GGZ inGeest/Department of Psychiatry and EMGO Institute-VU University Medical Center, Amsterdam, the Netherlands.
Acta Psychiatr Scand. 2011 Apr;123(4):297-306. doi: 10.1111/j.1600-0447.2011.01677.x. Epub 2011 Feb 7.
Insight into the long-term course of depression and anxiety.

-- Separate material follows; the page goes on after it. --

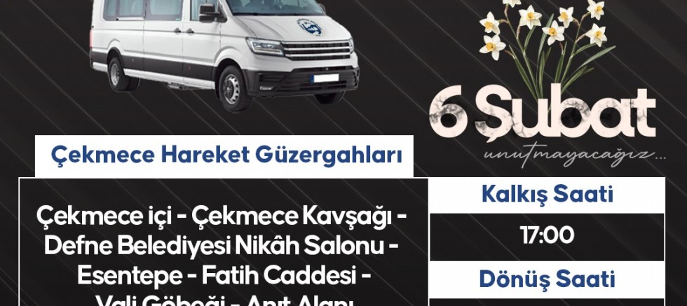 Ayrıca Hatay Medeniyetler Korosu ve Çocuk Korosu tarafından saat 18.00’de Antakya Anıt Alanı’nda gerçekleştirilecek “Ağıt Gecesi Acının ve Umudun Müziği” konserine 16.30 itibariyle toplam 12 hat hizmet verecek.

Data were derived from Netherlands Mental Health Survey and Incidence Study/Netherlands Study of Depression and Anxiety, epidemiologic surveys in the adult population in the Netherlands. Three hundred and three respondents with depressive and/or anxiety Composite International Diagnostic Interview (CIDI) disorder were interviewed, examining the 7-year course of depression (n = 141), anxiety (n = 102) and the comorbid state (n = 60) and possible prognostic factors. Outcomes were CIDI diagnostic status after 7 years and percentage of time during 7 years with depressive and/or anxiety symptoms, retrospectively assessed by the Life Chart Interview (LCI).
After 7 years, 60.7% of the subjects were free from a 12-month CIDI depression or anxiety diagnosis. The odds were higher for subjects with anxiety and comorbidity compared to subjects with depression. Low physical functioning and high neuroticism predicted the presence of a diagnosis after 7 years. During 7-year follow-up, 37.3% of the subjects were free from depressive and anxiety symptoms according to the LCI, 51.8% had symptoms <50% of the time, and 10.9%≥50% of the time. (Comorbid) anxiety resulted in a poorer course. High neuroticism and childhood adversity predicted more follow-up time with symptoms.
Course trajectories were more favorable than expected, although comorbidity resulted in poorer course. Neuroticism, physical functioning, and childhood adversity predicted an unfavorable course.
深入了解抑郁和焦虑的长期病程。
数据来自荷兰精神健康调查和发病率研究/荷兰抑郁和焦虑研究,这是荷兰成人人群的流行病学调查。对 303 名患有抑郁和/或焦虑复合国际诊断访谈(CIDI)障碍的受访者进行了访谈,研究了抑郁(n=141)、焦虑(n=102)和共病状态(n=60)的 7 年病程以及可能的预后因素。结局为 7 年后 CIDI 诊断状况以及通过生活图表访谈(LCI)回顾性评估的 7 年内抑郁和/或焦虑症状的时间百分比。
7 年后,60.7%的受试者无 12 个月 CIDI 抑郁或焦虑诊断。与抑郁患者相比,焦虑和共病患者的几率更高。低身体机能和高神经质预测 7 年后存在诊断。在 7 年的随访中,根据 LCI,37.3%的受试者无抑郁和焦虑症状,51.8%的受试者症状时间<50%,10.9%的受试者症状时间≥50%。(共病)焦虑导致病程更差。高神经质和儿童期逆境预测更多的症状随访时间。
尽管共病导致病程较差,但病程轨迹比预期的更为有利。神经质、身体机能和儿童期逆境预测预后不良。